§ **Problem**:
Below, find the line containing "The entire restaurant" and the line containing "Apartment Model: Duplex"; reproduce exactly those two and every line between them, omitting pictures.

§ **Records provided**:
• • • • •

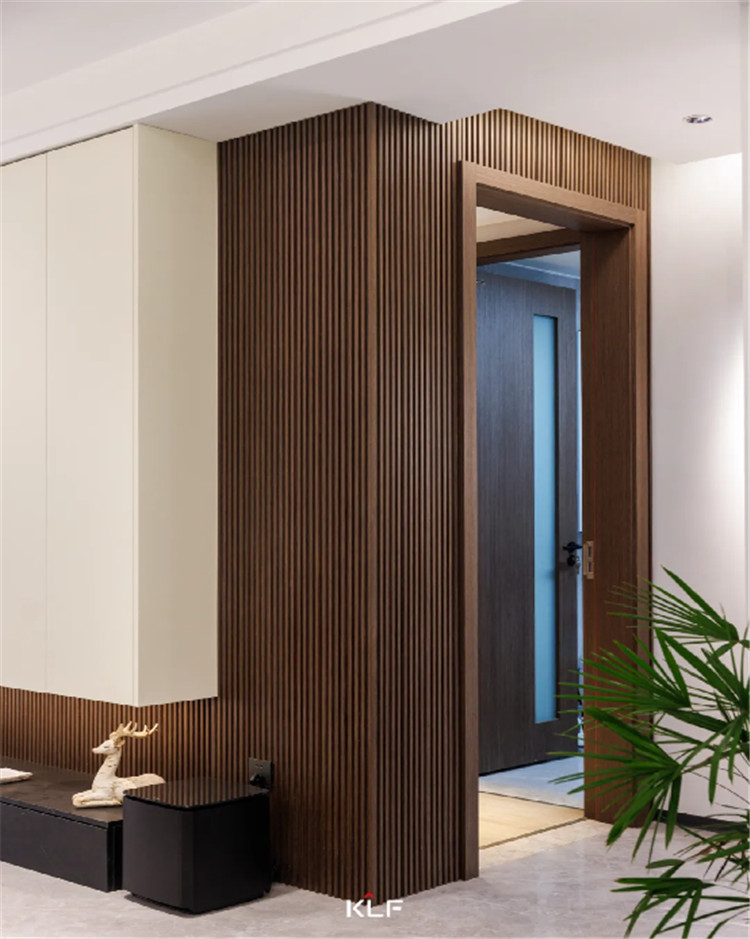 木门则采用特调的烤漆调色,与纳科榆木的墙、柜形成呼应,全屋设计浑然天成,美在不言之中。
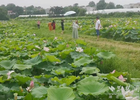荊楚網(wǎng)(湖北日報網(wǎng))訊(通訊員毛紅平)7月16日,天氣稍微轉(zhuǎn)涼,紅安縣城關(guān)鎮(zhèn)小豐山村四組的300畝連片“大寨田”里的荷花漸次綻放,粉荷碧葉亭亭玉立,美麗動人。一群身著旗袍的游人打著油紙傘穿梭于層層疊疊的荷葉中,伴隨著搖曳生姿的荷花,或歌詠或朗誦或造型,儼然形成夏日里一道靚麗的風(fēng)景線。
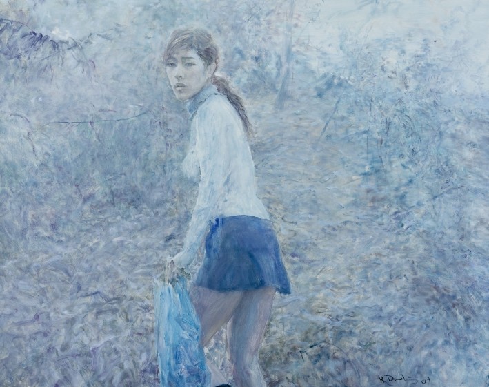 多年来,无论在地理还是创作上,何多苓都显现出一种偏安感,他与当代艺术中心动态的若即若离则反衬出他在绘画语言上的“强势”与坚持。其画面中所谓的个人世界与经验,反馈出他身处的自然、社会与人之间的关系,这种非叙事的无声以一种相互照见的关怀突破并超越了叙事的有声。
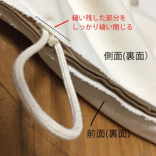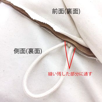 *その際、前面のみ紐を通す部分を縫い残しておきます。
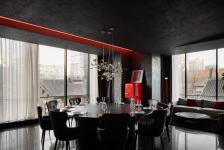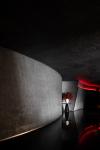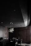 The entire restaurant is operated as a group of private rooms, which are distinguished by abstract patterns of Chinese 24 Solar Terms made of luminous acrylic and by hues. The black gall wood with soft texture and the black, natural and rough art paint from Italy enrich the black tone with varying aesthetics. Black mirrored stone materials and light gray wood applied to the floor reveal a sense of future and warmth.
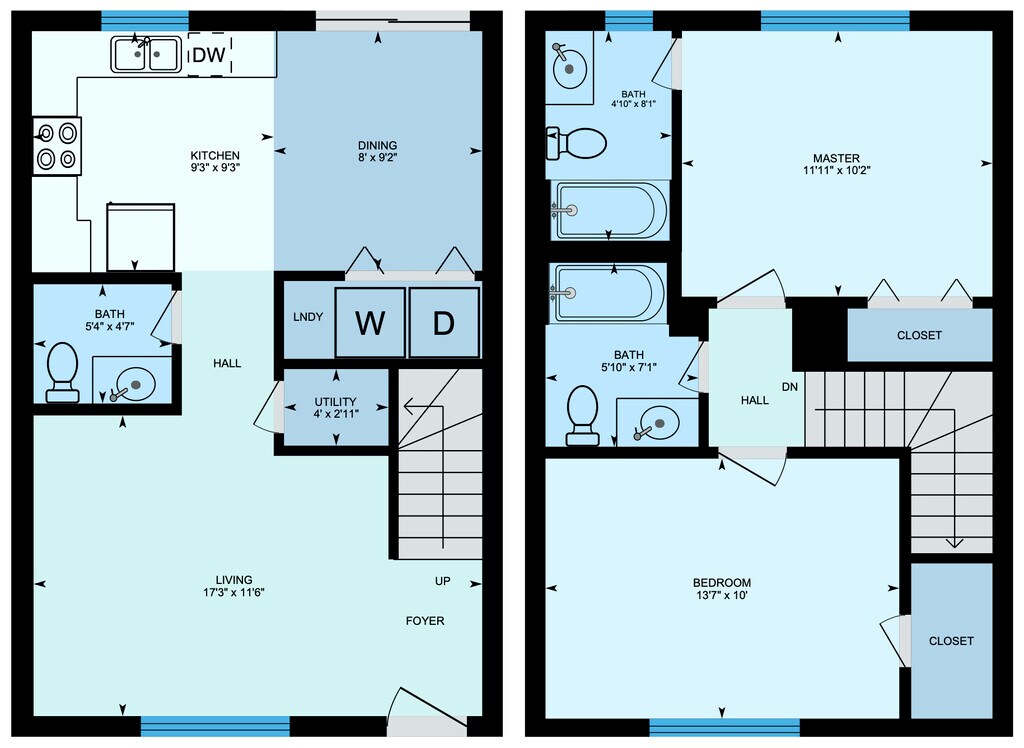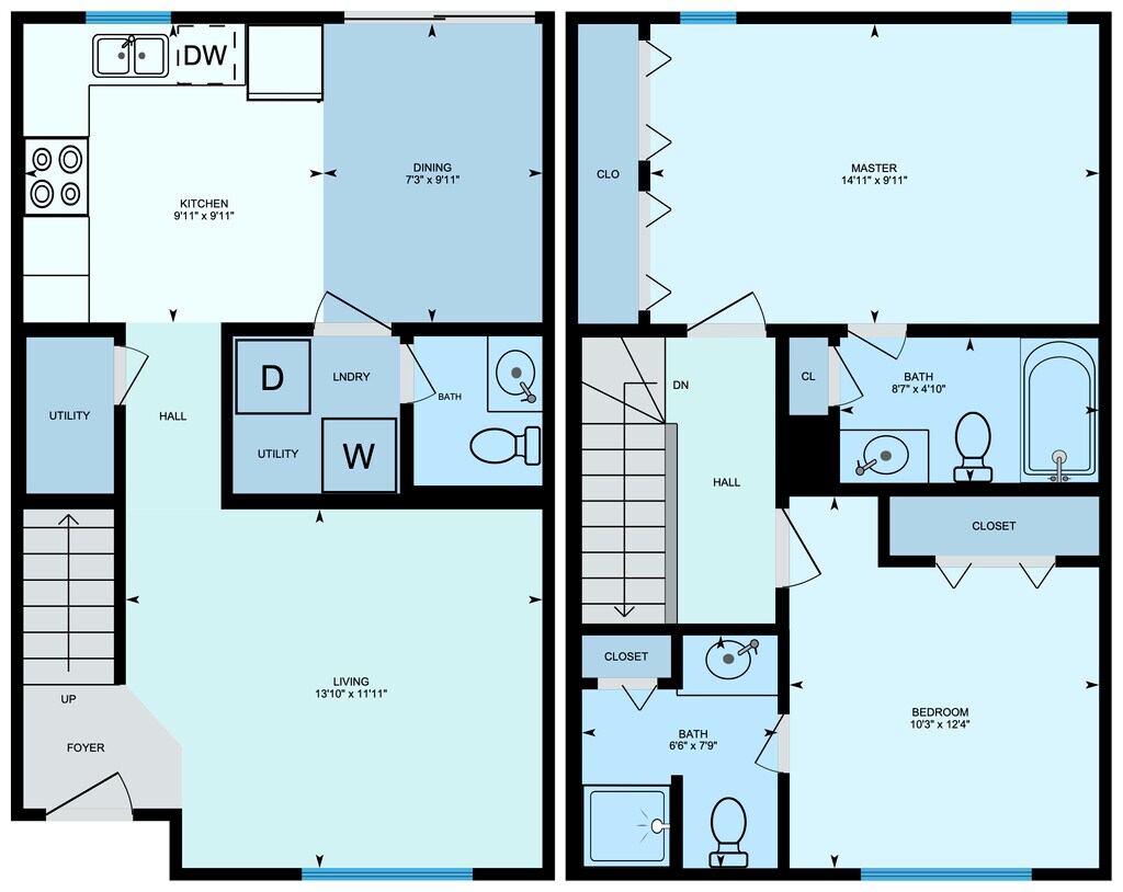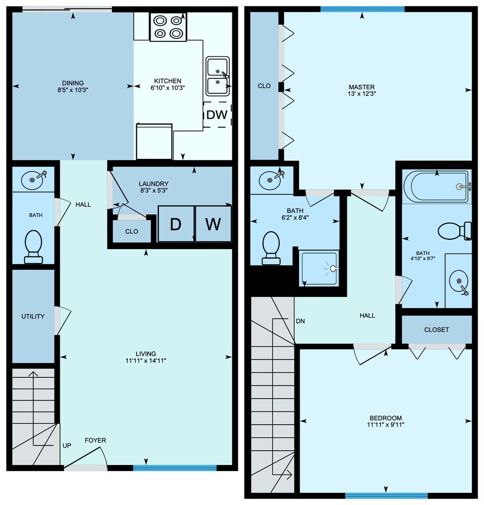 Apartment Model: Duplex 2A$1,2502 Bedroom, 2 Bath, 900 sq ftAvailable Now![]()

• • • • •

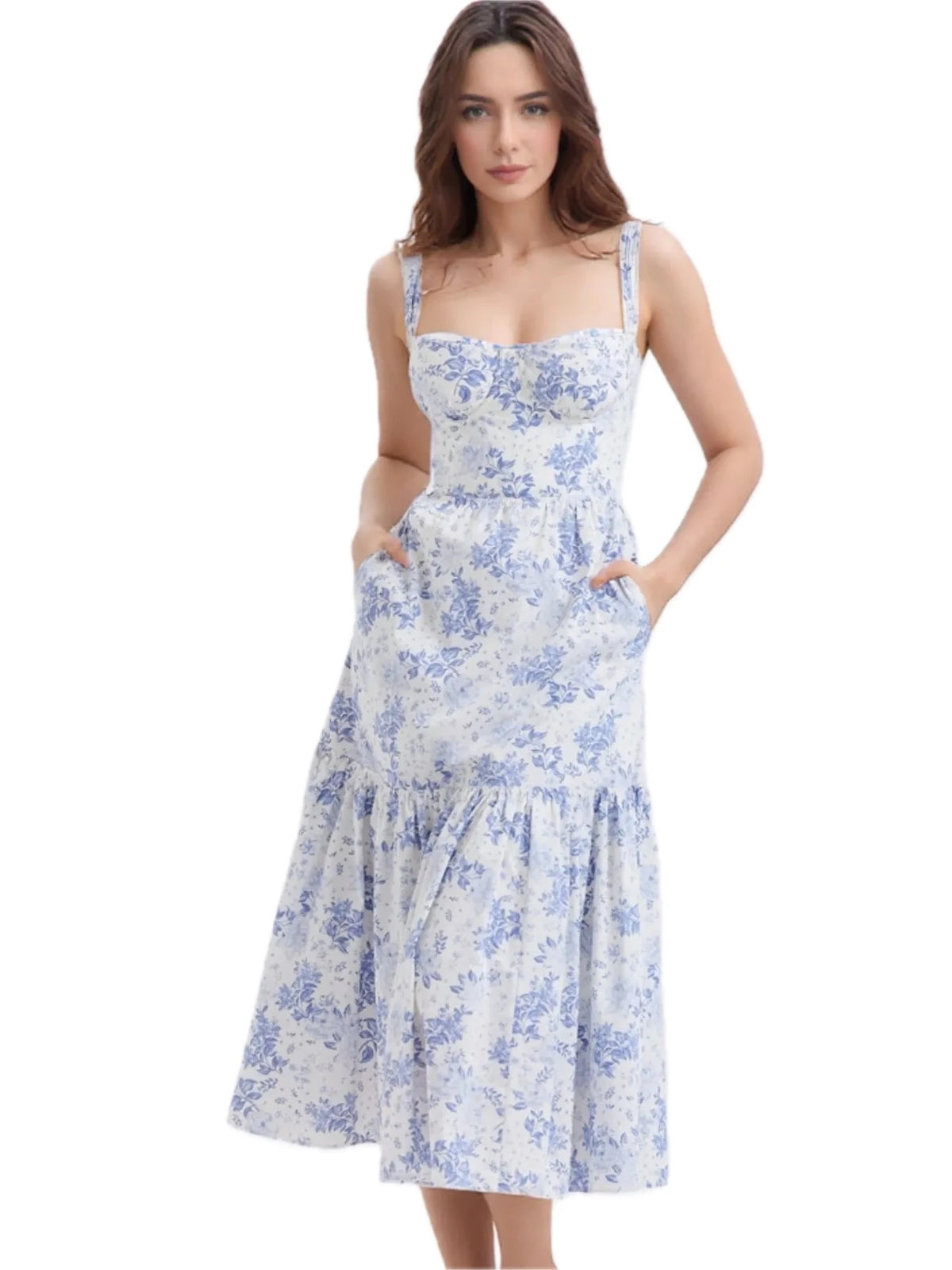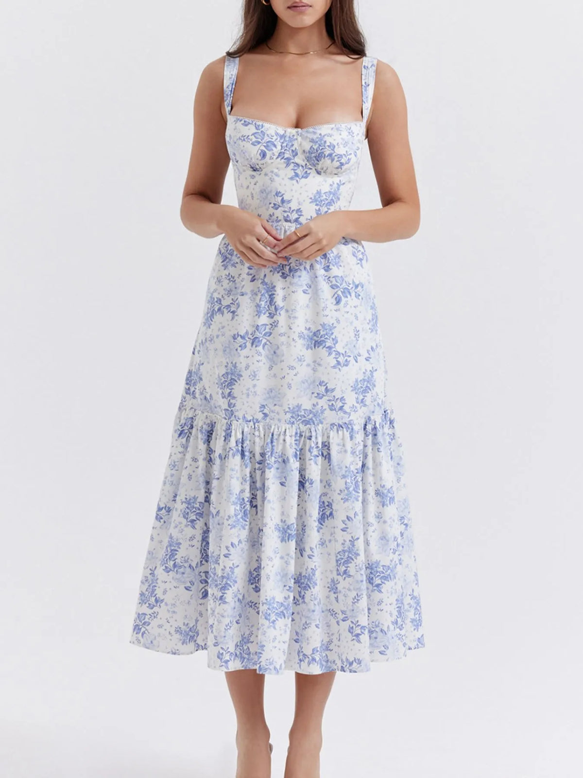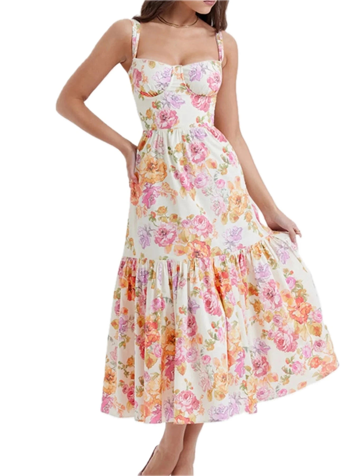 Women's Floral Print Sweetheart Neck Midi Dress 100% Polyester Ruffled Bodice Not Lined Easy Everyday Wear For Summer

• • • • •

§ **Result of this exercise**:
 The entire restaurant is operated as a group of private rooms, which are distinguished by abstract patterns of Chinese 24 Solar Terms made of luminous acrylic and by hues. The black gall wood with soft texture and the black, natural and rough art paint from Italy enrich the black tone with varying aesthetics. Black mirrored stone materials and light gray wood applied to the floor reveal a sense of future and warmth.
 Apartment Model: Duplex 2A$1,2502 Bedroom, 2 Bath, 900 sq ftAvailable Now![]()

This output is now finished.